The Kingdom of the West was the first SCA group, founded in 1966. An initial party with David Thewlis, Steve Henderson, Ken de Maiffe, and author Diana Paxson (at the time a medieval history major at the University of California, Berkeley) and others was held in Paxson's backyard. Many of the attendees were at Berkeley, and were history buffs and science fiction fantasy fans. They held the first party as an outdoor sword fighting tournament using leather armour with some steel. Everyone enjoyed the event, and another was planned. From this first event, the group began to expand. After three years, part of this new group on the East Coast split off and the East Kingdom was founded, distinguishing it from the West Kingdom. In subsequent years, other regions previously operating under the auspices of the West Kingdom have also split off to form their own kingdoms, generally when the population is deemed large enough and the local culture distinct enough to warrant the split.

== Activities ==
The main activities within the West Kingdom include tournaments, feasts and revels, universities and collegiums (classes on subjects dealing with modern living history issues, or straight history is taught). The group is also active with the arts and sciences. These events emphasize the exhibition and/or competition of various artistic skills and research of SCA members. The kingdom has guilds and other groups, which regularly hold meetings to teach such subjects as dance, cooking, armourmaking, needlework, music and other interests.
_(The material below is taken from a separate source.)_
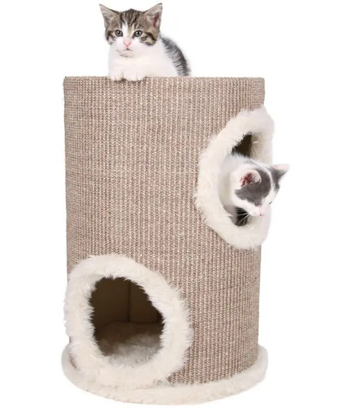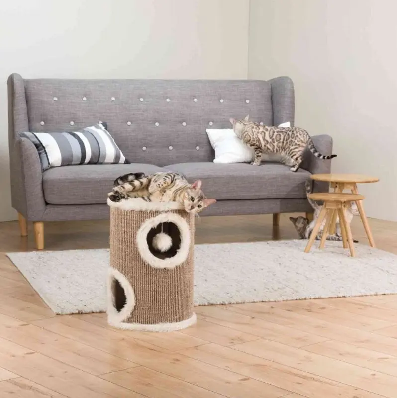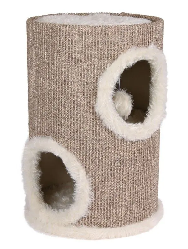 Snygg och funktionell klöstunna med mysigt lurviga runda öppningarna i krypinen. Passar riktigt bra i hemmet och fungerar både som sovplats, klösplats och busplats!

Like other parts of the SCA, the Kingdom of the West uses rattan weapons, generally of a standard authentic weight. The combat blows deal a heavy, though not an edged, attack. Members also make armour.

The kingdom has a wide range of heraldic devices, and has even had a book published dedicated to them.

In Japan (known in the SCA as the "Palatine Barony of the Far West"), its members combine to create larger scale combat with another group, the realm of Avalon, an independent Tokyo-based group of recreationists and fighters and with a number of local Japanese people among its members. In Japan, the SCA, having largely been imported from the U.S., has long revolved around U.S. military bases.